Je te plumerai la tête de Claire Mazard

Claire Mazard, 2020

Ceci est un roman ados assez dérangeant et hors sentiers battus. Pas d’histoire d’amour qui fait papillonner les sens… Pas de vampire mystérieux et séduisant. Pas de magie, de meurtre ni de course poursuite sur fond de fin du monde.

Et pourtant on est happé, très rapidement par cette histoire et les 512 pages s’avalent en quelques heures. Lilou est au lycée, elle prépare le bac, mais sa mère est à l’hôpital pour une récidive de cancer. Une scène de vie banale assez triste mais bientôt, la gêne pointe dans la description de cette situation.

Ce qui dérange est l’indifférence apparente de Lilou pour sa mère. Au lieu d’avoir pitié ou de ressentir de la tristesse, elle semble surtout agacée de voir sa mère à nouveau malade et affaiblie, et même avoir hâte que tout ça se termine.  Mais le plus étrange est le comportement du père, dont le masque de mari idéal s’effrite au bout d’une cinquantaine de pages. Au lieu de tout faire pour maintenir le lien entre  son épouse  et sa fille adolescente, il semble plutôt tout faire pour que ce lien n’existe pas. Et cela ne semble pas étonner ni déranger Lilou, pour qui, on le comprend, sa mère n’est depuis longtemps qu’un personnage secondaire dans sa vie, car c’est son père, charismatique, séduisant, fantasque, qui occupe toute la place.

Mais à l’initiative d’une visite à l’hôpital à l’improviste, Lilou comprend que son père lui ment.

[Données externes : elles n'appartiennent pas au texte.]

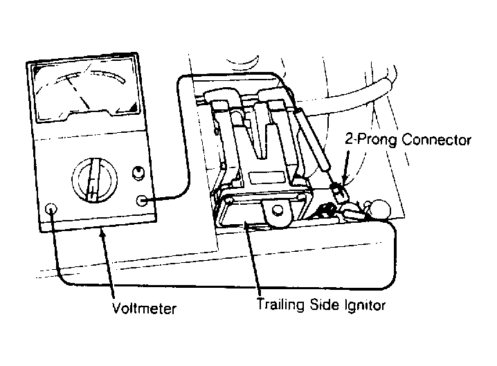 - Disconnect 2-prong connector at ignitor. Connect voltmeter (in series) between the wire terminals of 2 connector halves. See Fig 1 . Turn ignition on and note voltage.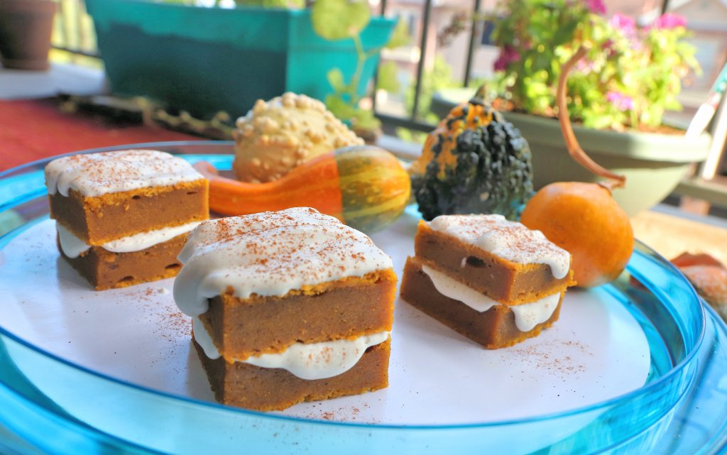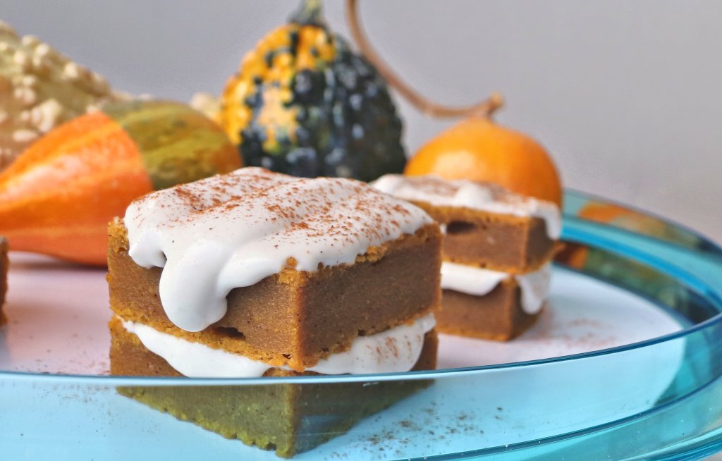 After the bars have cooked set aside to cool. Once they are cool, slice into equal square parts, about 1 to 2 inches in diameter. Spread a generous layer of the coconut cream on top of a bar, and place another bar on top of that. Finish with a second layer of coconut cream and a sprinkle of pumpkin pie spice.

Il lui ment quand il fait mine d’accompagner sa mère dans cette fin de vie. Il lui ment quand il lui dit que c’est sa mère qui ne souhaite pas la voir. Il lui ment en fait depuis des années en se faisant passer pour un père parfait et attentionné, menant de front sa vie professionnelle et familiale sans aucune faille. Et il ment aussi à tout son entourage. L’emprise sous laquelle est placée Lilou depuis sa naissance va peu à peu se fissurer au fur et à mesure de ses découvertes. Et la photo parfaite du père idéalisé par un complexe de d’Œdipe un peu trop prononcé vole alors en éclat.

 

Aborder le thème des relations toxiques entre parents et enfants dans la littérature jeunesse est une gageure, mais Claire Mazard parvient à amener tout en finesse ce sujet et peu à peu, nous accompagnons Lilou dans son énorme prise de conscience.

Un roman très habile et bien écrit, abordant avec réalisme un sujet délicat. Quant à savoir pourquoi le choix de ce titre, il faudra demander à l’auteur !

 
Julia.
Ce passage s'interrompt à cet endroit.